2.2. Sample examination

Prior to surgery, 3 mL of peripheral venous blood was collected from each patient in a Vacutainer test tube and immediately transported to the laboratory. After spontaneous precipitation for 20 min, each blood sample was centrifuged at 3000 rpm for 10 min, and the serum was separated into two aliquots. One aliquot was stored at −80 °C for the later analysis of IL-6 serum concentration, namely with an enzyme-linked immunosorbent assay (ELISA) kit (catalog no. E0090Hu) and reagents from the Bioassay Technology Laboratory (Shanghai, China) according to the manufacturer's instructions [4,14]. The other aliquot was tested for CRP serum level on the day of sampling, namely with an ELISA kit (reference no. CAN-CRP-4360) from Diagnostics Biochem Canada Inc. (Ontario, Canada) according to the manufacturer's instructions [[15], [16], [17]]. Measurements of IL-6 concentration were expressed in picograms per milliliter (pg/mL) and of CRP serum level in milligrams per liter (mg/L).

2.3. Statistical analysis

Data were divided based on type and presented as graphs and tables. The Statistical Package for the Social Sciences for Windows (version 23.0; IBM Corp, Armonk, NY) was used to determine how IL-6 and CRP levels related to the stage and grade of differentiation.
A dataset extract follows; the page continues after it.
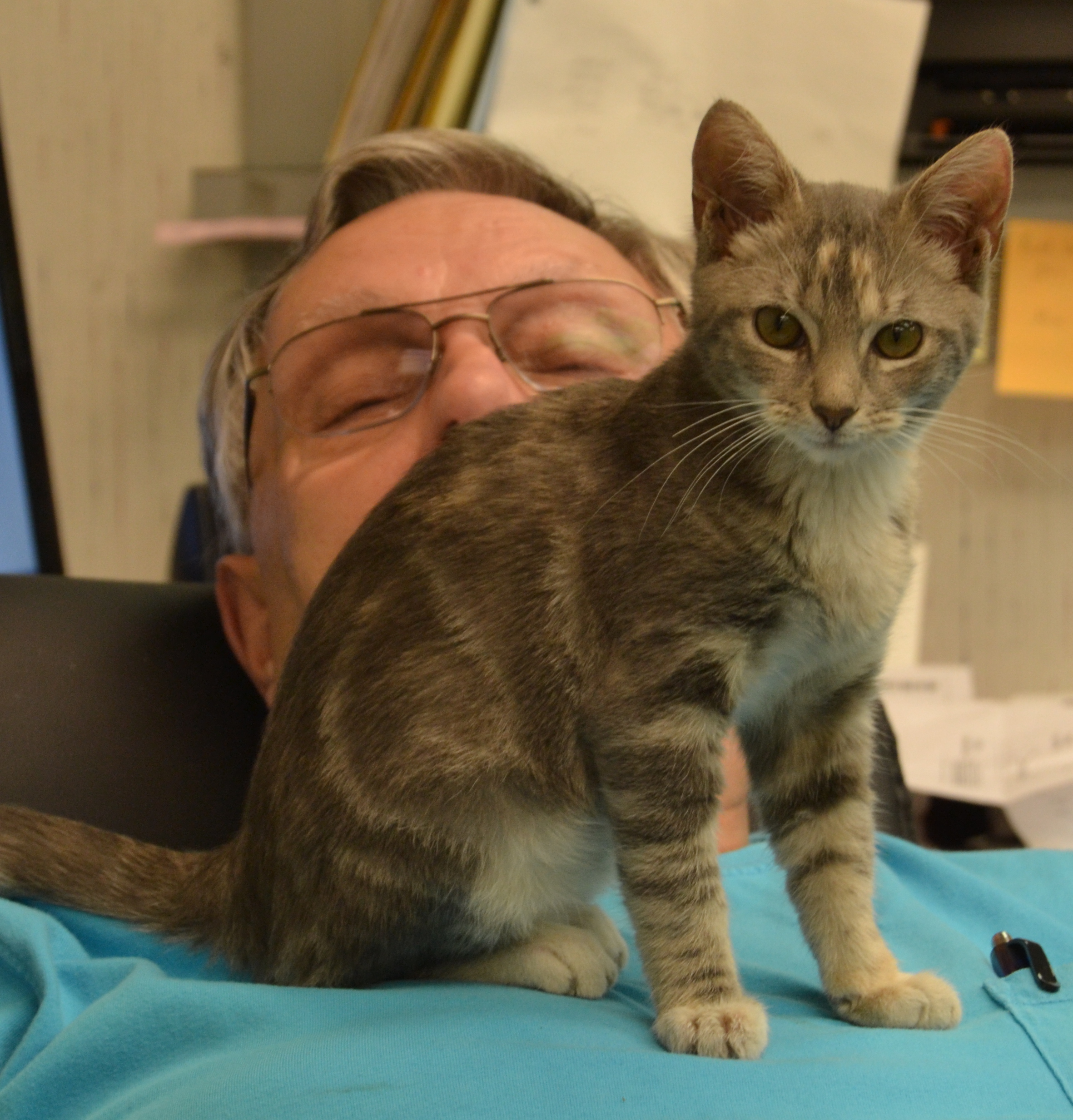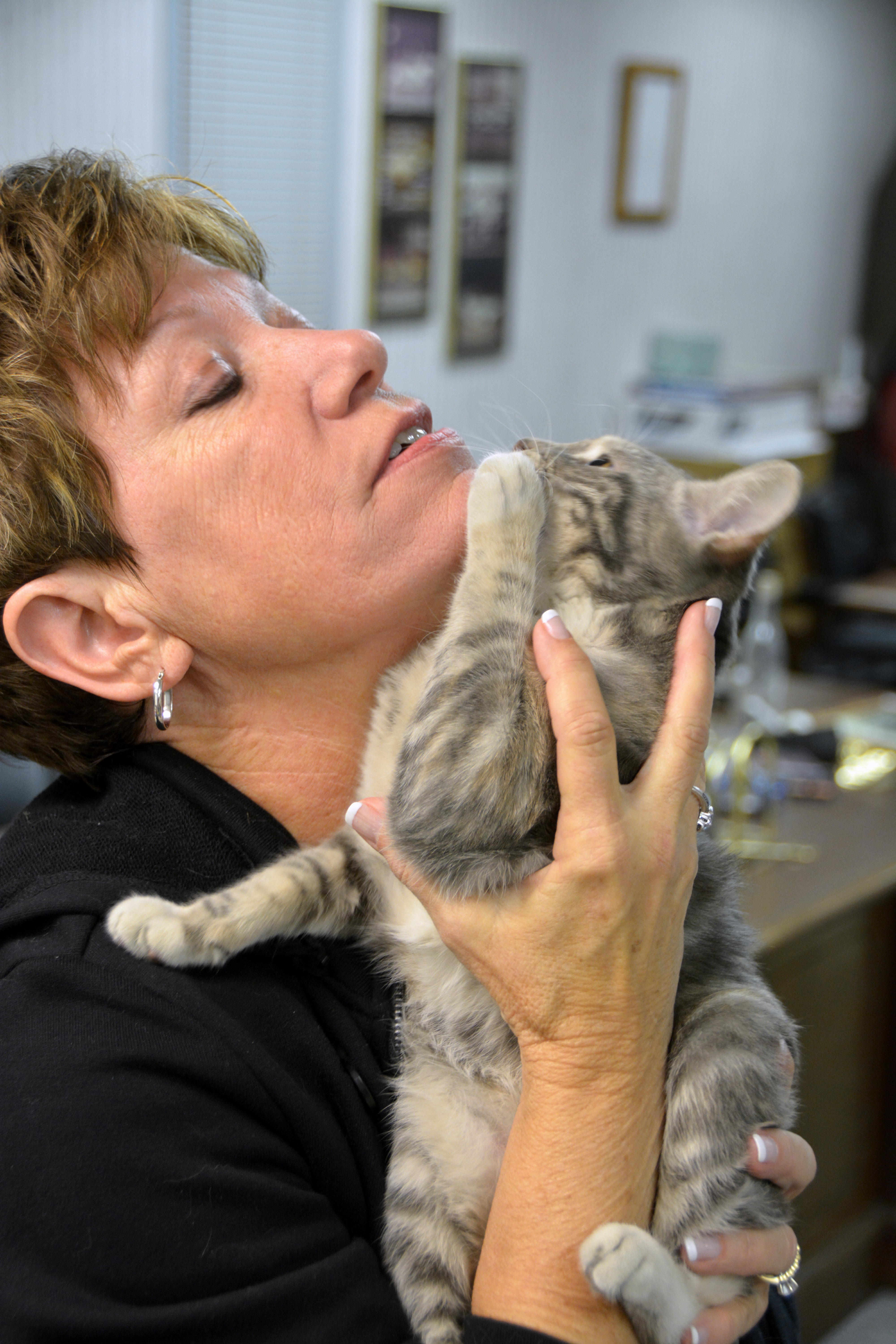 She’s approximately four months old now and weighs almost five pounds. These pictures will give you an idea of how much she’s grown in the last couple of months. The first one was taken August 23,  four days after she found us.

Data were analyzed using the Kruskal–Wallis test plus Mann–Whitney test to assess the difference in median levels of IL-6 and CRP at each stage and differentiation of CRC. Spearman's rank correlation test was administered to assess the correlation between variable levels of serum IL-6 and CRP with the stage and differentiation of CRC. Last, data were analyzed with a one-way ANOVA, followed by a multiple comparisons test using least significance difference (LSD). All p values less than .05 were considered to be statistically significant.

3. Results

3.1. Sample characteristics

Data analysis was conducted on 46 patients with CRC, all 21–72 years of age, most of whom were male (63.0%) and at least 50 years old (73.9%). As shown in Table 1, plasma IL-6 levels were 0.5–62.1 pg/mL (Mean = 15.27 ± 15.01), while plasma CRP levels were 2.4–71.4 mg/L (M = 21.70 ± 17.74).

Table 1.

Descriptive statistics of the sample by age, IL-6 level, and CRP level (N = 46).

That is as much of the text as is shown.